From his perspective, a double act of economic injustice has been perpetrated: first, to Côte d’Ivoire, a country with poor safety regulations and a GDP less than the annual profits of the oil trading multinational which poisoned its land; and secondly, to the thousands of vulnerable Ivorians who have been denied even the meagre compensation owed to them.

 
Better in than out

But not everybody is against the deal. “Puma Energy has never been forbidden to keep working in Côte d’Ivoire. It has been paying taxes and duties since the toxic waste affair.

Why wait for this project [the Petroci/Puma deal] to dig out the past and argue that Puma Energy should be disqualified?” argues Alice Ouedraogo, an Ivorian-Burkinabe journalist with Afrikipresse.fr who specialises in Ivorian politics.

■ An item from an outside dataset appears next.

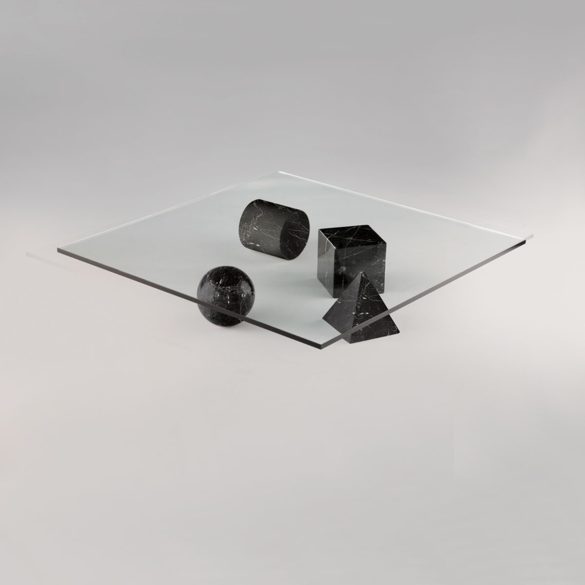 I Vignelli compiono una scelta cruciale: quella di lavorare sulle forme primarie, impiegando il marmo per costruire i supporti del tavolo, che sono un cubo, una sfera, un cilindro e una piramide. Le forme sono patrimonio ancestrale della memoria di tutti, per questa ragione l’oggetto di design è subito amato. I quattro solidi sono realizzati con un’unica qualità di marmo, che rende questo tavolo eterno. Non a caso il motto di Elena Valle, conosciuta più comunemente come Lella Vignelli, era: “Se lo fai correttamente, durerà per sempre“.

“Puma Energy neither has any interest in finding an agreement with Abidjan, nor in paying compensation to victims unless it can keep running its business in Côte d’Ivoire. Isn’t keeping Puma Energy’s interests in Côte d’Ivoire the best way to compensate the victims, along with depolluting the contaminated sites?” she asks.

For Lucy Graham, a legal advisor for Amnesty International’s business and human rights team, it is true that there is no legal barrier to stop Trafigura and Puma Energy from doing business. The issue is one of ethics. “Trafigura managed to get away from its responsibilities in a fashion that would have not been possible had the accident happened in Europe,” she tells Equal Times. “Business has been prioritised over human rights since 2006.”

As the legal battle for compensation continues, another major source of concern for Abidjan’s 1.9 million residents is the uncertainty about the genuine decontamination of the affected sites.

In 2012, the United Nations Environment Programme (UNEP) and the government of Côte d’Ivoire signed an agreement for a thorough, new assessment, since “in spite of the subsequent clean-ups of the sites, there is still significant and widespread concern within the local community about the persistent health and environmental impacts of the waste dumping.”

However, to date, no field assessment has been made.

Muralee Thummarukudy, a senior programme officer in UNEP’s Disaster Risk Reduction Unit tells Equal Times: “We have not started the work in earnest as we have been waiting for the payment for the assessment to arrive from the government of Côte d’Ivoire. The very latest news we have is that the first installment has been processed recently.”

Until that assessment has been made, Abidjan’s most vulnerable residents will continue grappling with the aftermath of a man-made environmental disaster that should have never been allowed to happen.